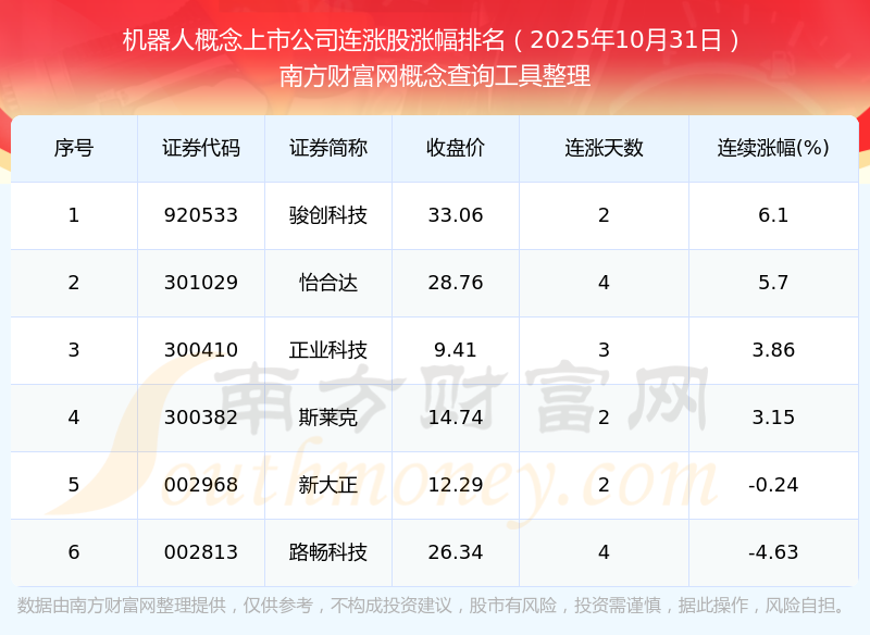 根據(jù)南方財富網(wǎng)概念查詢工具數(shù)據(jù)統(tǒng)計,截止2025年10月31日收盤,機器人概念上市公司共有6只個股實現(xiàn)連漲。其中連續(xù)漲幅較大的個股有駿創(chuàng)科技、怡合達、正業(yè)科技等,連續(xù)漲幅分別為6.10%、5.70%、3.86%。
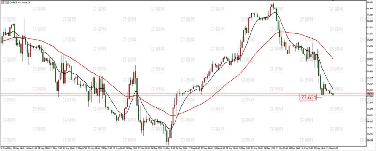 技术面:油价昨日继续下跌,过去两个交易日跌幅超过3%。日线上涨技术形态走坏,价格跌破13日均线,MACD零轴下方再次拐头向下。重点关注77.99美元日线多空分界。
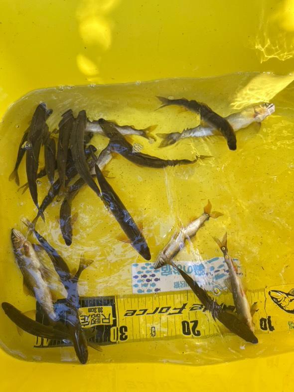 始め小さめでしたが昼前頃から中型がよく追うようになりました。竿先折ってしまい早上がり、ドンコは30匹くらい釣れましたが掛かった鮎は元気でした。
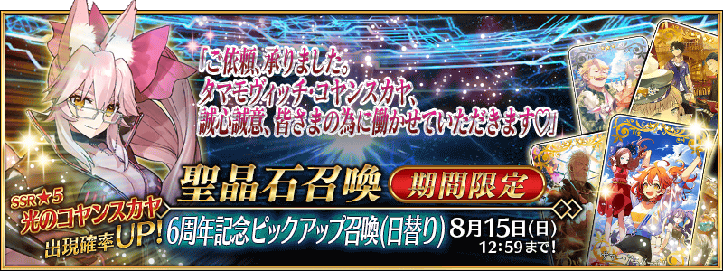 ▶6주년 기념 복주머니 소환(2021. 8. 1 ~ 8. 15) -5성 확정 가챠 ※12가지 중 하나만 가능 ※5성 서번트는 한정 서번트(빛의 코얀스카야 제외)만 등장, 4성 서번트는 한정 포함 등장, 3성 서번트는 한정 제외
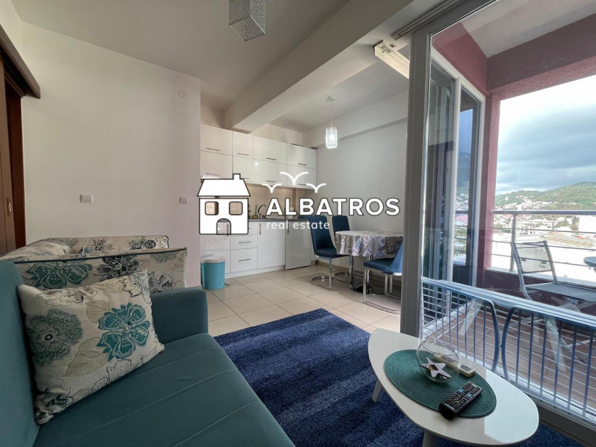 Opis: Izdajem jednosoban stan od 35m2 u naselju Ilino na 7om spratu u relativno novoj zgradi sa liftom. Zgrada ima svoj privatni zagradjeni parking i skoro stalno ima slobodnih mesta. Stan se izdaje namjesten kao na slikama i ima odvojenu spavacu sobu i mali balkoncic sa prelijepim pogledom na planine i sa strane na more.
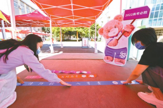 昨天上午,中国地质大学附属中学考点正在进行考点布置工作。两米线上除了疫情提示,还印有“沉着冷静 笑对高考”“自信认真 分分必得”等祝福语。本报记者 王海欣摄
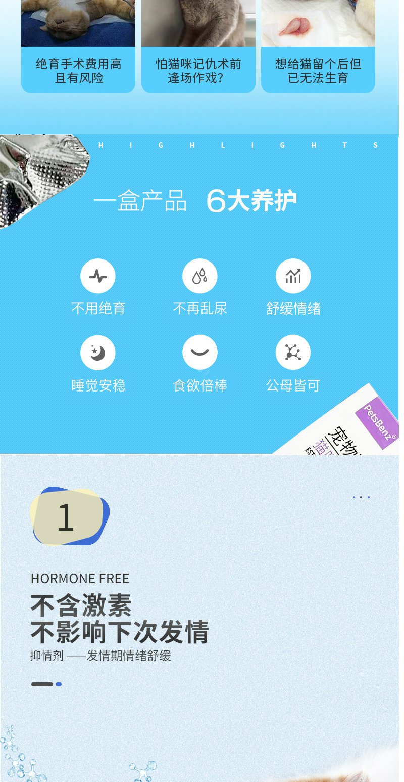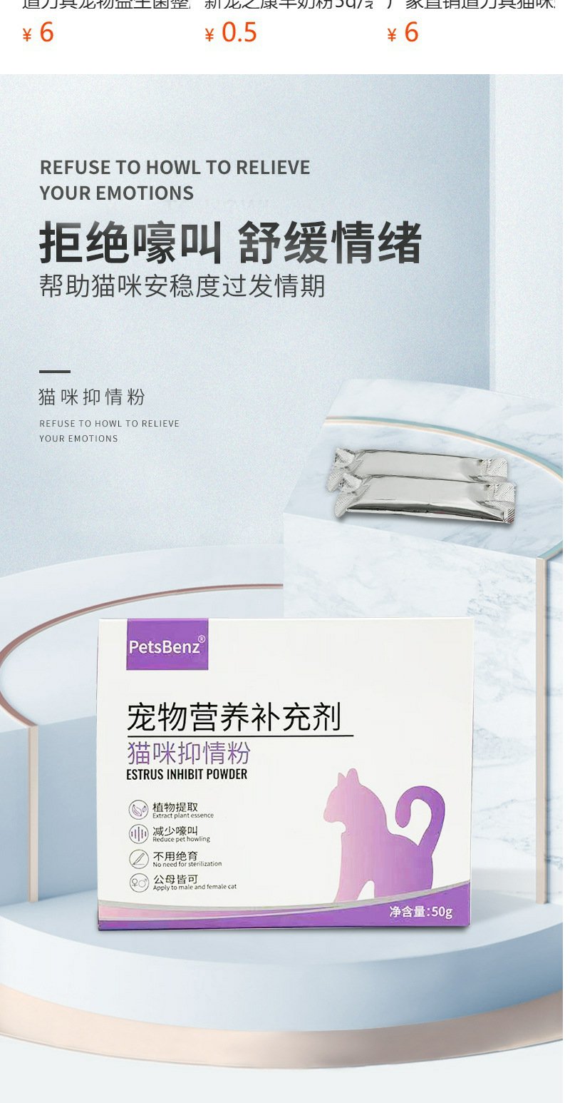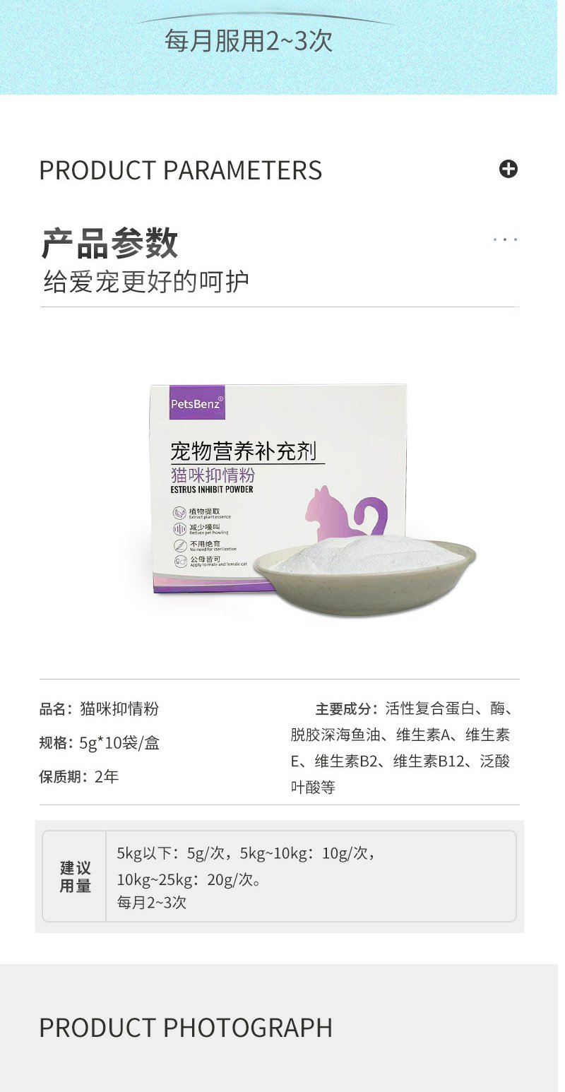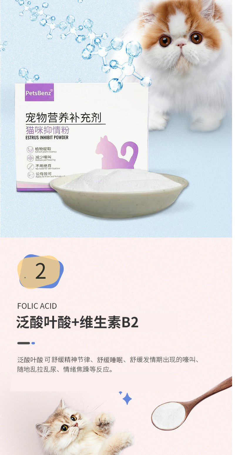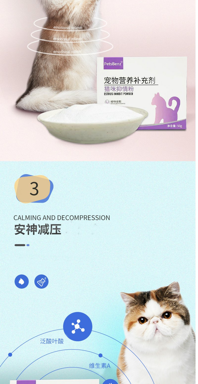 【猫咪抑情粉】PetsBenz发情期防猫叫舒缓情绪公母猫抑情营养补充剂50g

● ● ●

TASK TO CARRY OUT ▸ Please transcribe, word for word, every line from the first line of the records above through the line containing "始め小さめでしたが昼前頃から", and leave out any pictures.

EXERCISE RESPONSE ▸
 根據(jù)南方財富網(wǎng)概念查詢工具數(shù)據(jù)統(tǒng)計,截止2025年10月31日收盤,機器人概念上市公司共有6只個股實現(xiàn)連漲。其中連續(xù)漲幅較大的個股有駿創(chuàng)科技、怡合達、正業(yè)科技等,連續(xù)漲幅分別為6.10%、5.70%、3.86%。
 技术面:油价昨日继续下跌,过去两个交易日跌幅超过3%。日线上涨技术形态走坏,价格跌破13日均线,MACD零轴下方再次拐头向下。重点关注77.99美元日线多空分界。
 始め小さめでしたが昼前頃から中型がよく追うようになりました。竿先折ってしまい早上がり、ドンコは30匹くらい釣れましたが掛かった鮎は元気でした。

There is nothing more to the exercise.